(Collected data entries)
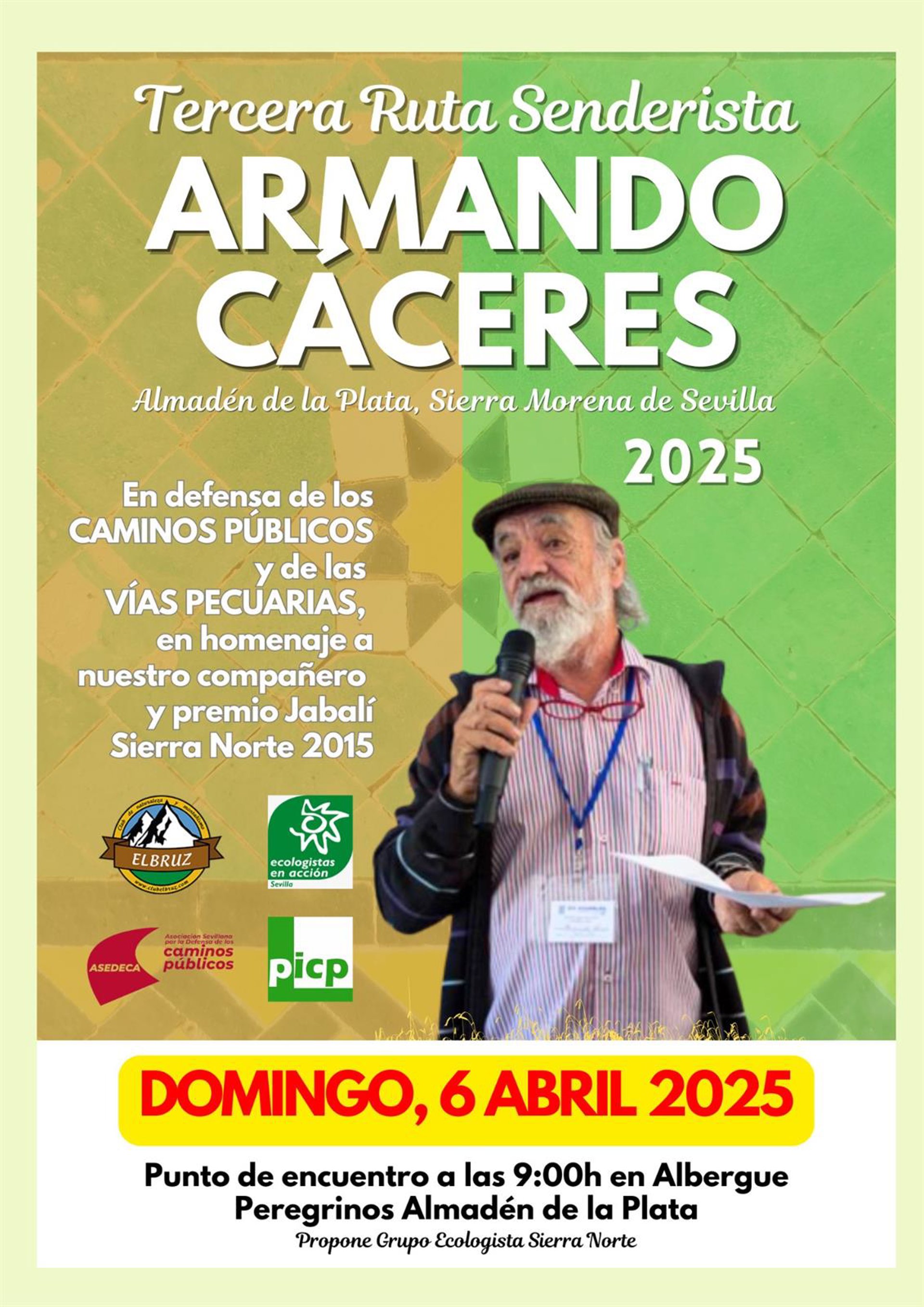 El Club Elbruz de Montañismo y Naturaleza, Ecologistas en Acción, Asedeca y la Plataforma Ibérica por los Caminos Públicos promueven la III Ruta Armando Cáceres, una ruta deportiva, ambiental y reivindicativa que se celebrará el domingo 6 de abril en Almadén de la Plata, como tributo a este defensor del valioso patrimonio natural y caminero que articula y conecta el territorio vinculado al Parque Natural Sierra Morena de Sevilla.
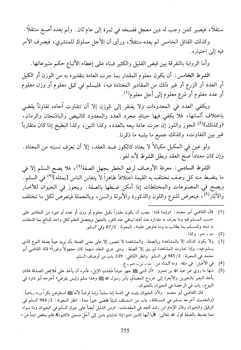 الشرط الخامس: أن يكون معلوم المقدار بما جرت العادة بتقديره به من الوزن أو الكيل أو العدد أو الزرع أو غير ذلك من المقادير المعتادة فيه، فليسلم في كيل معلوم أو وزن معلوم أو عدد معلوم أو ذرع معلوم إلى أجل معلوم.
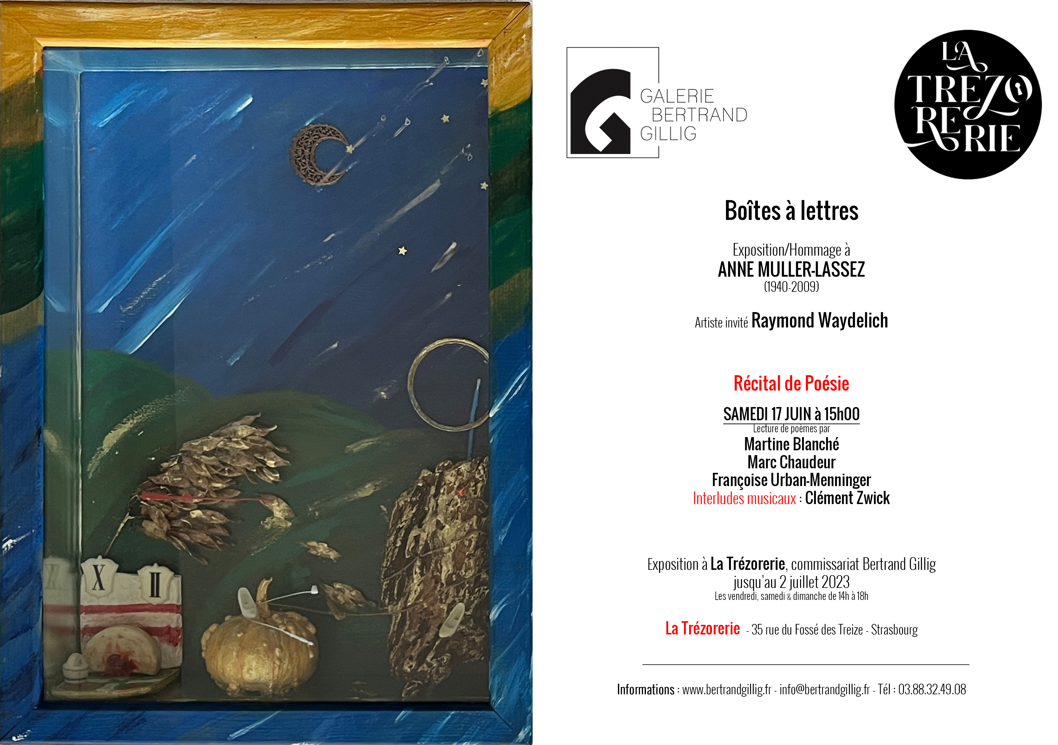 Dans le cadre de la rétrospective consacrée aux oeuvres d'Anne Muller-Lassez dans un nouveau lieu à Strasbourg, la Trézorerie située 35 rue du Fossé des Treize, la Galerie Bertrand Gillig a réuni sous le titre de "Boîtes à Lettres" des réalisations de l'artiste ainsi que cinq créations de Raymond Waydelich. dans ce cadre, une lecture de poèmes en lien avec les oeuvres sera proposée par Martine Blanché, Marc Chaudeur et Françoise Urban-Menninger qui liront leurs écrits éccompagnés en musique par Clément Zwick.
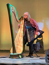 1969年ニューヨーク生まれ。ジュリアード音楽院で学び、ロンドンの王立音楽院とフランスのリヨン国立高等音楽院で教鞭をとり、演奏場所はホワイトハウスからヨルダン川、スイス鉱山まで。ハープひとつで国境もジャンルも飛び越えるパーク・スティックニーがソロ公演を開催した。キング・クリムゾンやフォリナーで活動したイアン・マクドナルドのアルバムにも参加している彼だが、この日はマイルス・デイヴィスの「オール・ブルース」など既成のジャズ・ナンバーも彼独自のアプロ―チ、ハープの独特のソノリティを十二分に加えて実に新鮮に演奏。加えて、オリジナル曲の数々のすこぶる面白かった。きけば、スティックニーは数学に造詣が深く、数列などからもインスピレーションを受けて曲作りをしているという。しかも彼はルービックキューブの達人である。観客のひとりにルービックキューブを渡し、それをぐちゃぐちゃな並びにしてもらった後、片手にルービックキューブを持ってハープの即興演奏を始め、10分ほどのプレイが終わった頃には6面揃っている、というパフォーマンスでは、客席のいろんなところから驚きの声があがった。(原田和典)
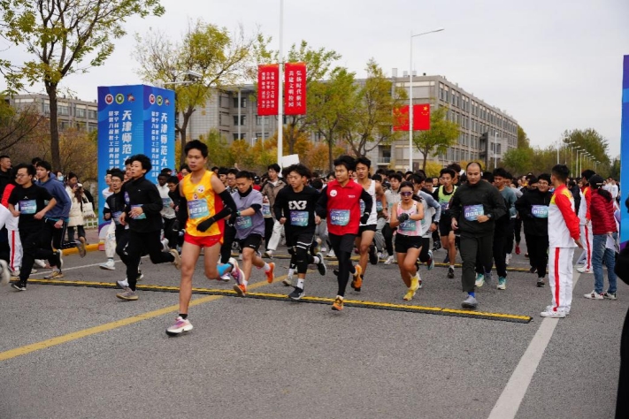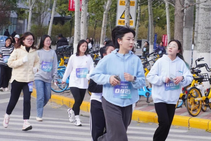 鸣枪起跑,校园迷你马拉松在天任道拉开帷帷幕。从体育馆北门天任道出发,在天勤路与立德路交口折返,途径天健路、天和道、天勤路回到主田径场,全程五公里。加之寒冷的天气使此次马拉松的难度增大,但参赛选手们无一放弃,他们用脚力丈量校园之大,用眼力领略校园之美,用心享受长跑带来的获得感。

WHAT IS BEING ASKED – Repeat the lines above precisely and skip every picture.

EXERCISE RESPONSE –
 El Club Elbruz de Montañismo y Naturaleza, Ecologistas en Acción, Asedeca y la Plataforma Ibérica por los Caminos Públicos promueven la III Ruta Armando Cáceres, una ruta deportiva, ambiental y reivindicativa que se celebrará el domingo 6 de abril en Almadén de la Plata, como tributo a este defensor del valioso patrimonio natural y caminero que articula y conecta el territorio vinculado al Parque Natural Sierra Morena de Sevilla.
 الشرط الخامس: أن يكون معلوم المقدار بما جرت العادة بتقديره به من الوزن أو الكيل أو العدد أو الزرع أو غير ذلك من المقادير المعتادة فيه، فليسلم في كيل معلوم أو وزن معلوم أو عدد معلوم أو ذرع معلوم إلى أجل معلوم.
 Dans le cadre de la rétrospective consacrée aux oeuvres d'Anne Muller-Lassez dans un nouveau lieu à Strasbourg, la Trézorerie située 35 rue du Fossé des Treize, la Galerie Bertrand Gillig a réuni sous le titre de "Boîtes à Lettres" des réalisations de l'artiste ainsi que cinq créations de Raymond Waydelich. dans ce cadre, une lecture de poèmes en lien avec les oeuvres sera proposée par Martine Blanché, Marc Chaudeur et Françoise Urban-Menninger qui liront leurs écrits éccompagnés en musique par Clément Zwick.
 1969年ニューヨーク生まれ。ジュリアード音楽院で学び、ロンドンの王立音楽院とフランスのリヨン国立高等音楽院で教鞭をとり、演奏場所はホワイトハウスからヨルダン川、スイス鉱山まで。ハープひとつで国境もジャンルも飛び越えるパーク・スティックニーがソロ公演を開催した。キング・クリムゾンやフォリナーで活動したイアン・マクドナルドのアルバムにも参加している彼だが、この日はマイルス・デイヴィスの「オール・ブルース」など既成のジャズ・ナンバーも彼独自のアプロ―チ、ハープの独特のソノリティを十二分に加えて実に新鮮に演奏。加えて、オリジナル曲の数々のすこぶる面白かった。きけば、スティックニーは数学に造詣が深く、数列などからもインスピレーションを受けて曲作りをしているという。しかも彼はルービックキューブの達人である。観客のひとりにルービックキューブを渡し、それをぐちゃぐちゃな並びにしてもらった後、片手にルービックキューブを持ってハープの即興演奏を始め、10分ほどのプレイが終わった頃には6面揃っている、というパフォーマンスでは、客席のいろんなところから驚きの声があがった。(原田和典)
 鸣枪起跑,校园迷你马拉松在天任道拉开帷帷幕。从体育馆北门天任道出发,在天勤路与立德路交口折返,途径天健路、天和道、天勤路回到主田径场,全程五公里。加之寒冷的天气使此次马拉松的难度增大,但参赛选手们无一放弃,他们用脚力丈量校园之大,用眼力领略校园之美,用心享受长跑带来的获得感。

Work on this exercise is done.